Todo indica, a pesar de ciertos indicios, que nos encaminamos en este fin de siglo y de
milenio a una superación dialéctica de esta eclesiología: la vida eclesial se abre a una
nueva síntesis histórica.
1. Modelo jurídico-institucional
a) Rasgos eclesiológicos. Dos rasgos caracterizan este modelo: el desarrollo de la
eclesiología como un tratado de "derecho público eclesiástico" y la decidida afirmación
de la iglesia como visibilidad social en su expresión jerárquica.
La manera de la iglesia de estar presente en la sociedad no podía ser la misma en las
diversas fases del segundo milenio, pero una de las constantes de esta evolución es lo
que podríamos llamar la "afirmación de la iglesia dentro de la sociedad", fascinada por
una utopía, la cristiandad, ese gran sueño tomado por realidad.
A medida que avanza el proceso de desintegración de la cristiandad -crisis de la
Reforma, convulsiones del siglo XVIII, los diversos "asaltos" a la iglesia (absolutismo,
regalismo, liberalismo...) por parte del estado moderno-, se opera también una nítida
inversión de los términos del problema: no es ya el estado quien necesita justificarse
delante de la iglesia; en adelante es ella la que deberá luchar para garantizar su posición
en las nuevas situaciones históricas y sociales.
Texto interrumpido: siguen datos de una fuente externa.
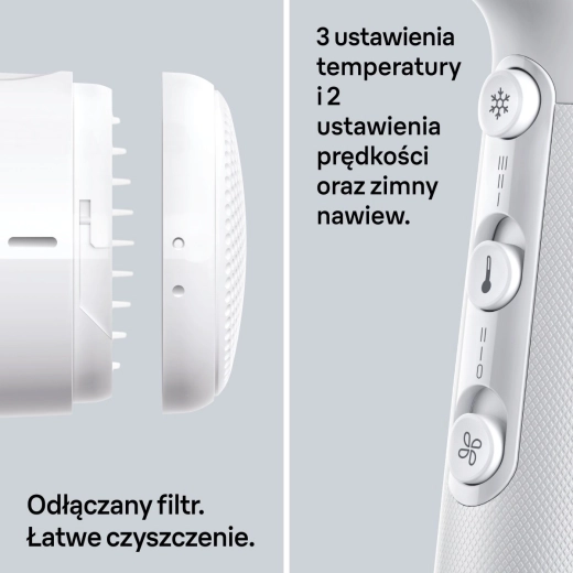 Udnyt flere hastigheds- og varmeniveauer for styling skræddersyet til din hårtype, og afslut med kold luft for ekstra glans og længere holdbarhed af frisyren. Det aftagelige filter gør rengøringen let og forlænger apparatets levetid.
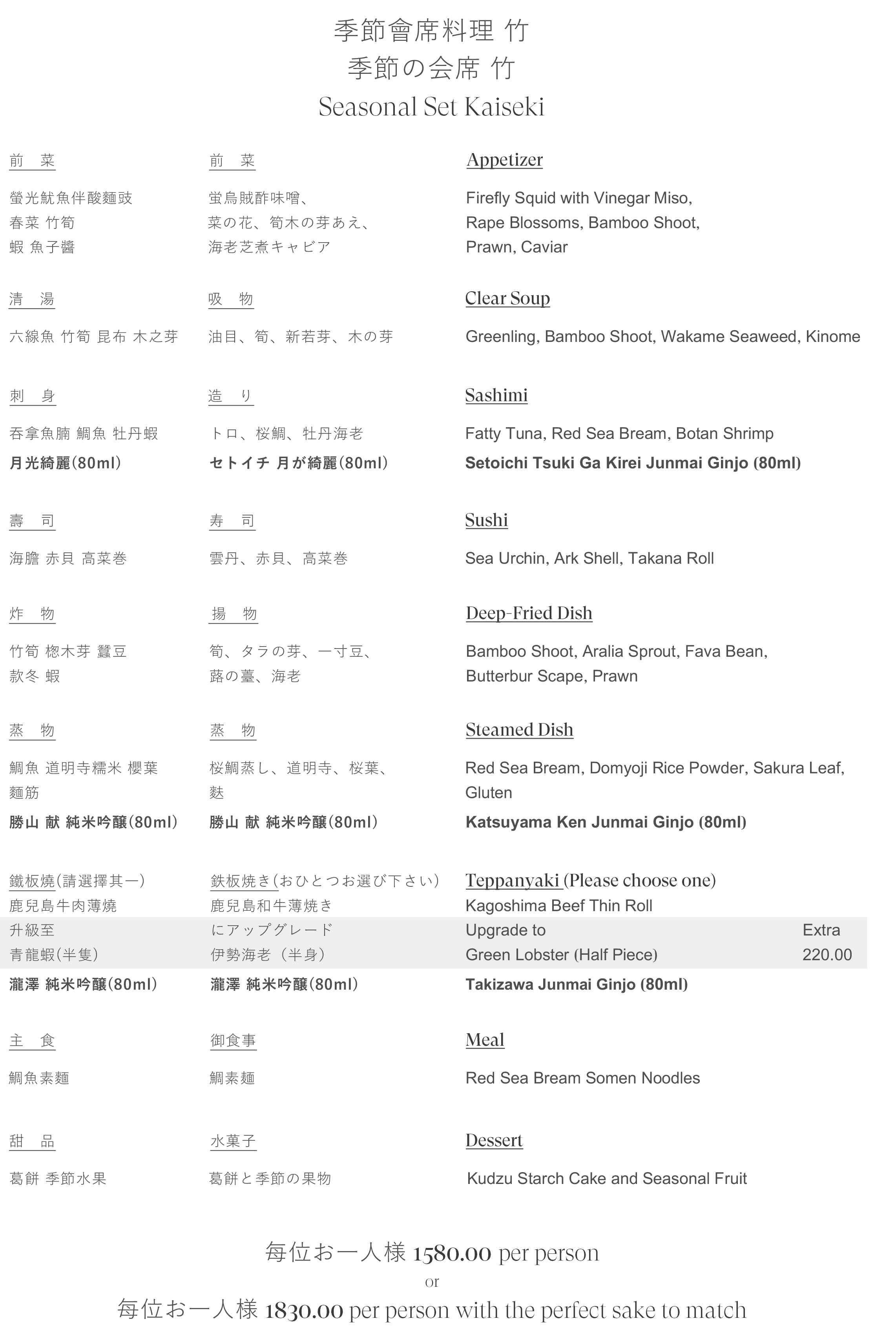 Seasonal Set Kaiseki Dinner Menu $1,580- per person, Exclusive 20% savings on e-Shop $1,264- per person;

Esta es una de las razones que explican la progresiva "invasión" de lo jurídico en la
concepción de la iglesia: la necesidad de poseer una doctrina capaz de ofrecerle un
soporte jurídico frente a los "otros" poderes temporales. Tal doctrina se remonta al siglo
XI (reforma de Gregorio VII), primeras colecciones canónicas). A partir de este
momento lo jurídico es cada vez más dogmático pasando a formar parte de la propia
definición de la iglesia, y dilatándose hasta constituirse en el aspecto central y
englobante de la realidad eclesial: la iglesia se convierte en un "sujeto jurídico" con
derechos y poderes; la eclesiología en un tratado del "derecho público eclesiástico".
Esta hipertrofia jurídica está en la raíz de la visión de la iglesia como poder.
La importancia creciente del derecho, del poder de legislar, de la organización...
confirió paulatinamente a la iglesia una fisonomía muy semejante a la de los estados
profanos. El estado secular acabó siendo el modelo, a nivel práctico, del enfoque y de la
concepción de la propia eclesiología durante muchos siglos.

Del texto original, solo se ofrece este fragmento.